◆ What the task asks
For this exercise, copy the data exactly and omit any images.

◆ Supplied information
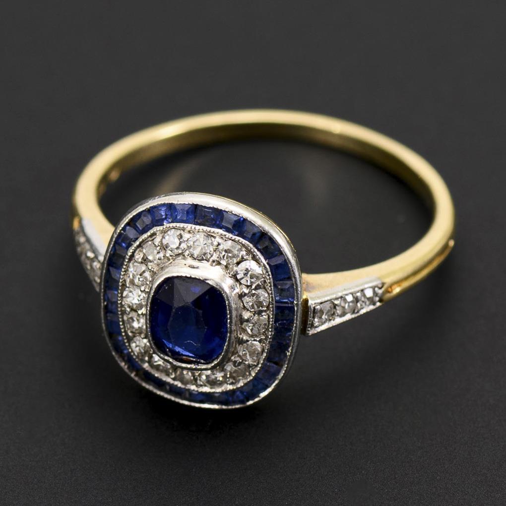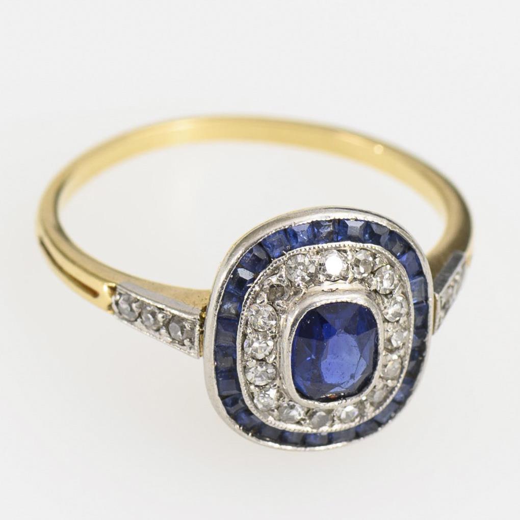 Art-déco-Ring mit Saphir und Altschliff-Diamanten.
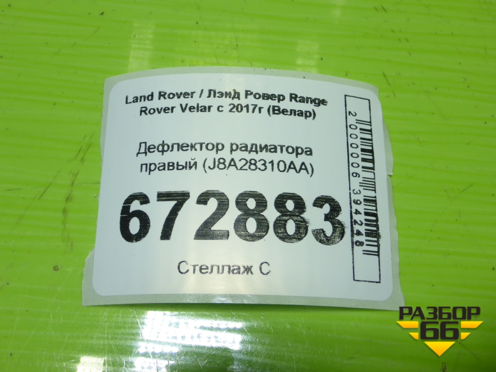 Дефлектор радиатора правый (J8A28310AA) для Land Rover Range Rover Velar с 2017г (Велар) в Перми
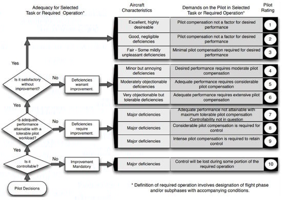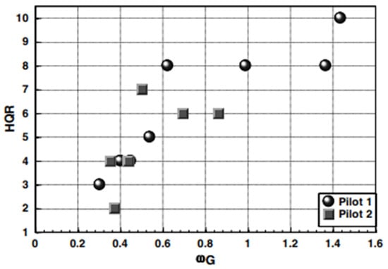 By observing the control strategy descriptions corresponding to component ranges of different frequencies in Figure 4 and considering the pilot’s handling qualities rating (HQR) based on the Cooper–Harper scale, as shown in Figure 12 [], a correspondence can be found between the two.
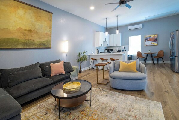 The bright entryway welcomes you into a beautifully designed space featuring high ceilings beside the open concept living area. A spacious, cozy sectional sofa and stylish chair provide the perfect spot to unwind with a book or enjoy a movie on the smart TV. Debating on preparing a home-cooked meal or grabbing takeout from one of the many nearby restaurants? Either way, you won’t be disappointed with the full-size kitchen, equipped with modern stainless steel appliances, crisp white cabinets stocked with essentials, and ample stone countertops with plenty of space to meet your needs.
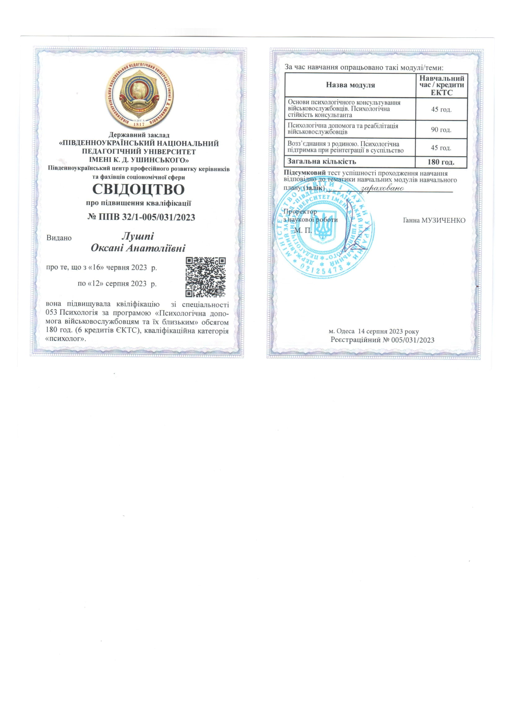 2023 – підвищення кваліфікації за програмою «Психологічна допомога військовослужбовцям та їх близьким». Південноукраїнський національний педагогічний університет ім. К.Д. Ушинського (м.Одеса).
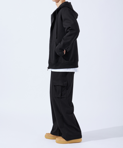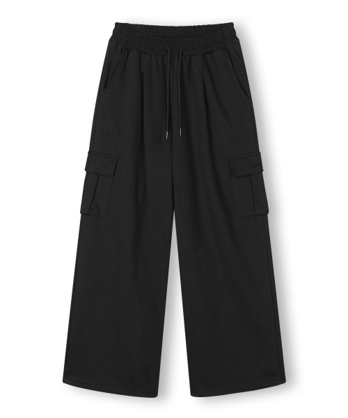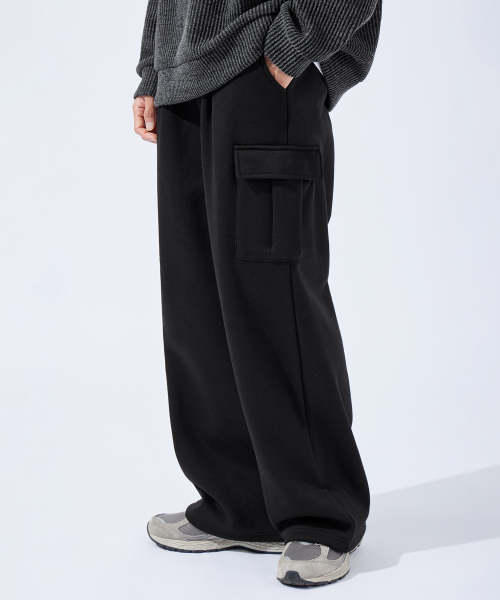 [논기모or기모] 컴포트 카고 원턱 와이드 트레이닝 팬츠 블랙
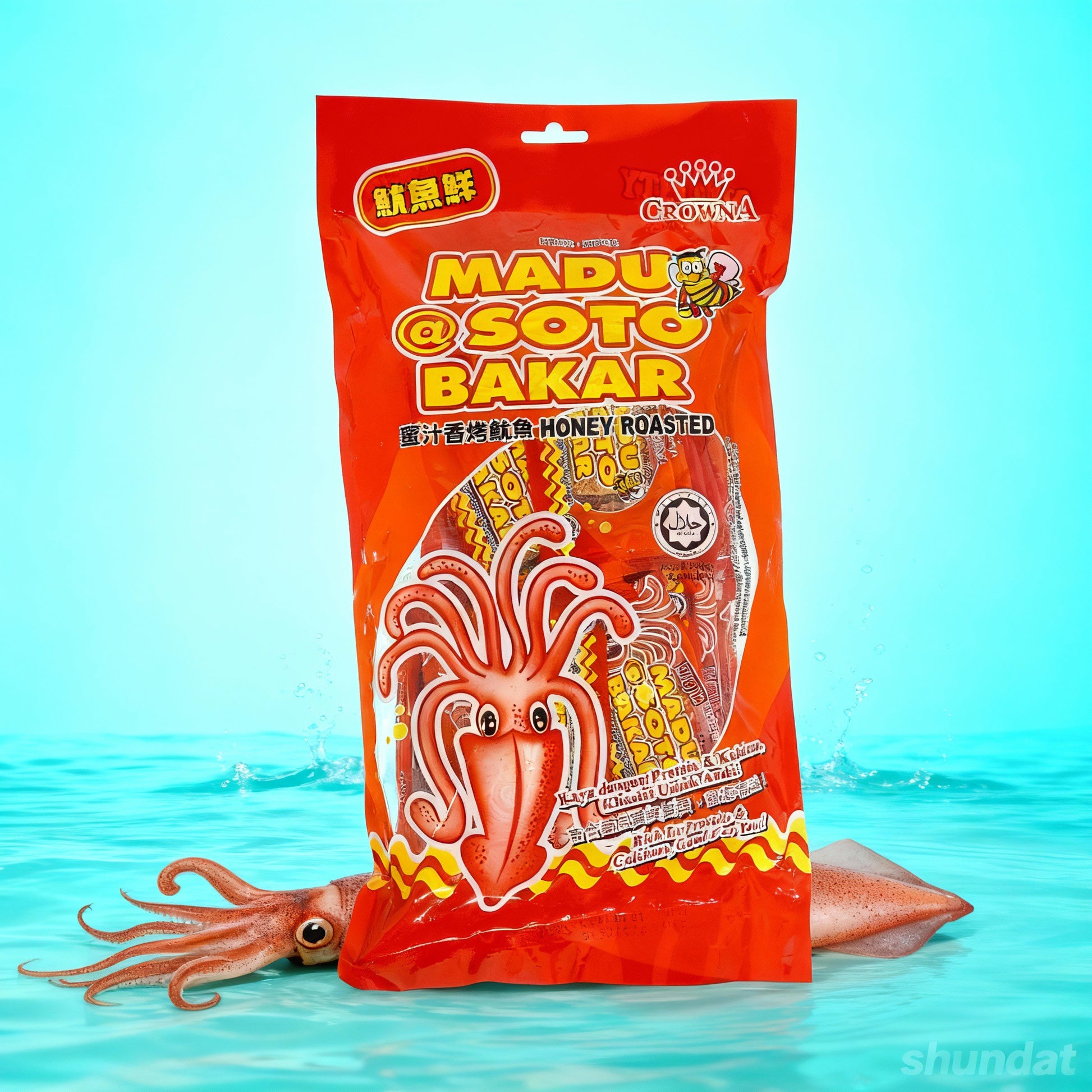 Get hooked on the irresistible taste of Crowna Madu @ Soto Bakar, the all-time favourite honey roasted squid snack! Each strip is infused with a unique blend of sweet honey glaze and savoury roasted flavour, giving you that chewy, smoky, and aromatic bite you can’t resist.
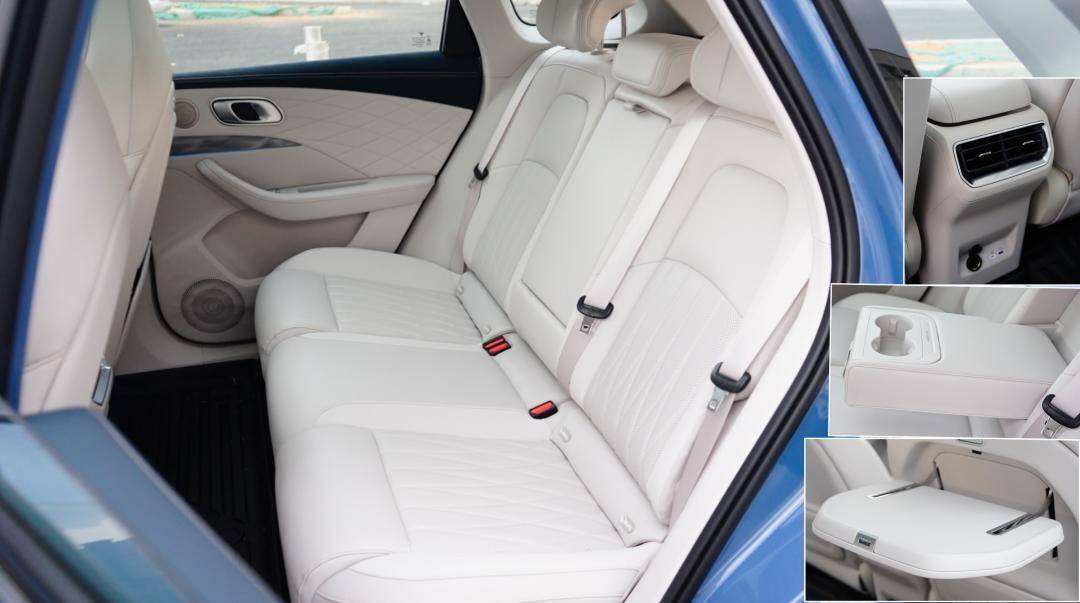 后排座椅材質(zhì)與前排相同,坐墊長(zhǎng)度合適,只是高度偏低,靠背有少量側(cè)向支撐,頭枕同樣有側(cè)向支撐。空間方面,侃弟身高175cm,腿部有三拳、頭頂接近兩拳、橫向可乘坐三人,地板為全平。提供地臺(tái)出風(fēng)口帶USB接口、帶雙杯架的可翻折扶手、車(chē)頂有帶電動(dòng)遮陽(yáng)簾的大天窗,右側(cè)座椅還提供小桌板,方便在車(chē)內(nèi)工作和娛樂(lè)。
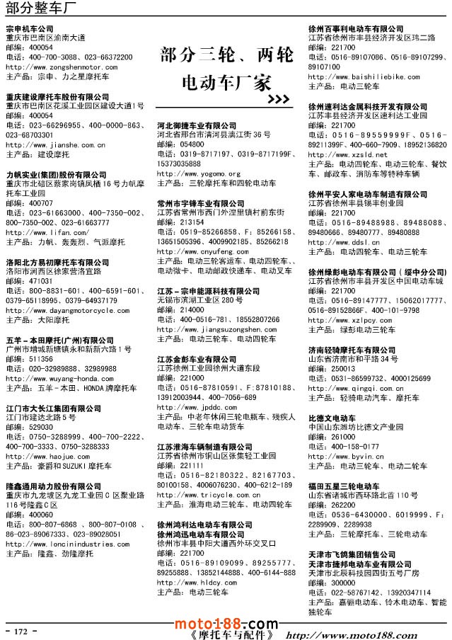 這兩年行業(yè)調(diào)整力度非常大,為了確保我們提供的信息準(zhǔn)確性,我們本著寧缺毋濫的原則,不去圖虛的數(shù)量。目前摩托車與配件行業(yè)的不少經(jīng)銷商是跨行業(yè)經(jīng)營(yíng)的,所以我們?cè)诒緯?shū)中增加了部分摩托車整車廠、電動(dòng)車生產(chǎn)廠、機(jī)動(dòng)三輪車制造廠。所選的這些企業(yè)都是這個(gè)行業(yè)具有影響力的品牌企業(yè),是為了大家在使用這本書(shū)時(shí),獲取相關(guān)的延伸產(chǎn)業(yè)更多的實(shí)用信息。
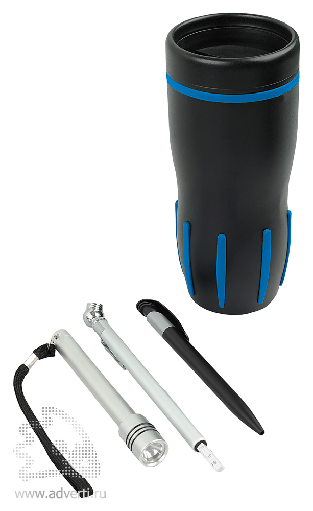 В наборе: кружка с термоизоляцией на 450 мл, приспособление для измерения давления в шинах, фонарик, ручка, блокнот. Одним словом, этот комплект содержит все самое необходимое для того, чтобы в случае надобности выяснить, не спущено ли у вас колесо и выпить чашечку горячего чая.
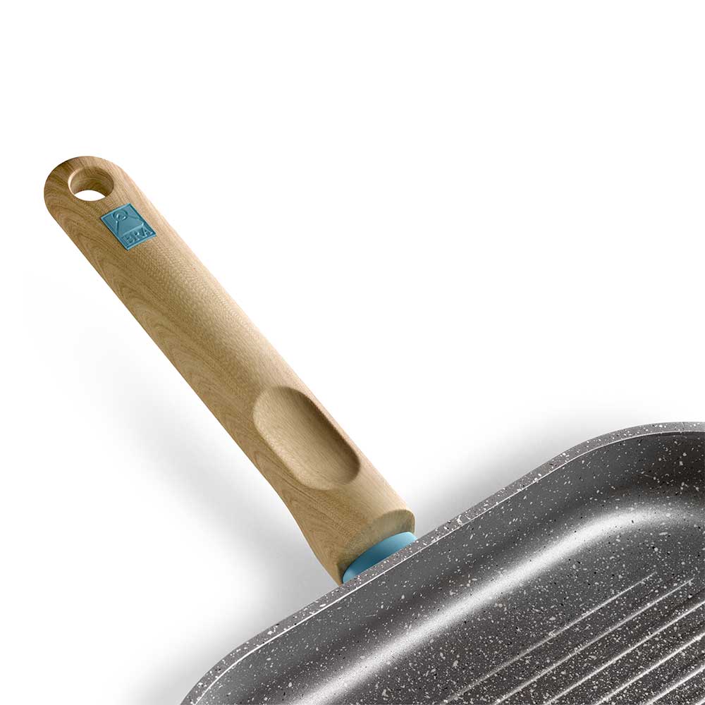 - Mango ergonómico termoaislante en imitación madera con cuerpo exterior y logo de BRA en azul hielo.

◆ Reply to the exercise
 Art-déco-Ring mit Saphir und Altschliff-Diamanten.
 Дефлектор радиатора правый (J8A28310AA) для Land Rover Range Rover Velar с 2017г (Велар) в Перми
 By observing the control strategy descriptions corresponding to component ranges of different frequencies in Figure 4 and considering the pilot’s handling qualities rating (HQR) based on the Cooper–Harper scale, as shown in Figure 12 [], a correspondence can be found between the two.
 The bright entryway welcomes you into a beautifully designed space featuring high ceilings beside the open concept living area. A spacious, cozy sectional sofa and stylish chair provide the perfect spot to unwind with a book or enjoy a movie on the smart TV. Debating on preparing a home-cooked meal or grabbing takeout from one of the many nearby restaurants? Either way, you won’t be disappointed with the full-size kitchen, equipped with modern stainless steel appliances, crisp white cabinets stocked with essentials, and ample stone countertops with plenty of space to meet your needs.
 2023 – підвищення кваліфікації за програмою «Психологічна допомога військовослужбовцям та їх близьким». Південноукраїнський національний педагогічний університет ім. К.Д. Ушинського (м.Одеса).
 [논기모or기모] 컴포트 카고 원턱 와이드 트레이닝 팬츠 블랙
 Get hooked on the irresistible taste of Crowna Madu @ Soto Bakar, the all-time favourite honey roasted squid snack! Each strip is infused with a unique blend of sweet honey glaze and savoury roasted flavour, giving you that chewy, smoky, and aromatic bite you can’t resist.
 后排座椅材質(zhì)與前排相同,坐墊長(zhǎng)度合適,只是高度偏低,靠背有少量側(cè)向支撐,頭枕同樣有側(cè)向支撐。空間方面,侃弟身高175cm,腿部有三拳、頭頂接近兩拳、橫向可乘坐三人,地板為全平。提供地臺(tái)出風(fēng)口帶USB接口、帶雙杯架的可翻折扶手、車(chē)頂有帶電動(dòng)遮陽(yáng)簾的大天窗,右側(cè)座椅還提供小桌板,方便在車(chē)內(nèi)工作和娛樂(lè)。
 這兩年行業(yè)調(diào)整力度非常大,為了確保我們提供的信息準(zhǔn)確性,我們本著寧缺毋濫的原則,不去圖虛的數(shù)量。目前摩托車與配件行業(yè)的不少經(jīng)銷商是跨行業(yè)經(jīng)營(yíng)的,所以我們?cè)诒緯?shū)中增加了部分摩托車整車廠、電動(dòng)車生產(chǎn)廠、機(jī)動(dòng)三輪車制造廠。所選的這些企業(yè)都是這個(gè)行業(yè)具有影響力的品牌企業(yè),是為了大家在使用這本書(shū)時(shí),獲取相關(guān)的延伸產(chǎn)業(yè)更多的實(shí)用信息。
 В наборе: кружка с термоизоляцией на 450 мл, приспособление для измерения давления в шинах, фонарик, ручка, блокнот. Одним словом, этот комплект содержит все самое необходимое для того, чтобы в случае надобности выяснить, не спущено ли у вас колесо и выпить чашечку горячего чая.
 - Mango ergonómico termoaislante en imitación madera con cuerpo exterior y logo de BRA en azul hielo.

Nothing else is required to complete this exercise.